Your HTML file is an XML file. I checked whether the name of the first node is an html tag to distinguish HTML or XML. Both ”tt" in ttml and “Article” in cells.xml are the html tags. So the files are detected as HTML. We will try to only handle mainstream HTML tags when detecting an html file. We cannot check and compare all nodes for performance. You can continue detecting if the file format is HTML or XML.

@australian.dev.nerds

  1. In the next version, if the file contains non-printable chars, the file will not be detected as CSV or TXT.
  2. Cells.FileFormatUtil.DetectFileFormat() is mainly used to detect Excel file formats (xlsx, xls, xlsb, xlsm, ods). We cannot support detecting all file formats.

There is no good solution to detect CSV, we just compared the first two lines to check whether the first lines contains same count of “,”. If you want to clearly detect CSV, you have to detect it with some other tools.
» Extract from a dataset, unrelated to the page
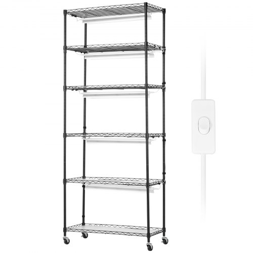 VEVOR DIY Plant Stand with Grow Light, 6-Tier Large Tall Plant Shelf with 192W 5000K Full Spectrum Grow Lights, Indoor Grow Light Shelf with Wheels for Seed Starting 29.5" L x 13.8" W x 70.9" HPlant Stand with Grow LightElectronic TimerGrow Light ParametersEasy InstallationConvenient & Secure DesignSecurity FeaturesNumber of Grow Lights: 8,Weight Capacity: 270 lbs,Single Light Power: 24W,Color: Black,Total Power: 192W,Item Model Number: 6C18075-T8DP06P8-US,Product Weight: 33.9 lbs / 15.4 kg,Product Dimensions: 29.53 x 13.8 x 70.87 in / 750 x 350 x 1800 mm,Main Material: Iron Q235 Paint

Hello and thanks for the reply, few logical paradoxes here:

No one can! But what about the file types in your enum? ie, if you cannot detect html, why it’s there? :slight_smile:

This needs a new RFC! But until then, how do you claim an HTML file is an XML file? :smiley:
Indeed, it’s TTML, not HTML, and at the end, it is XML when starts with <?xml …

Once you encounter <?xml , your default is XML, not you will read the first node to check if it is one of your open spec supported types, if is, you return your detected type, else XML should be returned, please ask some devs to evaluate this algorithm, or use Gemini to judge! :slight_smile:

@australian.dev.nerds
Thanks for your info.
We will consider your advice.

The issues you have found earlier (filed as CELLSNET-59754,CELLSNET-59755) have been fixed in this update. This message was posted using Bugs notification tool by leoluo

That’s a really solid point about the <?xml declaration. It seems like prioritizing the header check before diving into node-name matching would clear up a lot of these false positives for HTML. Also, the check for non-printable characters is a great addition for the next version - it should definitely help filter out those random system files being flagged as CSV. Looking forward to seeing how the detection evolves in v26.2!

@SynthiaCasper
We will continue to optimize file type detection.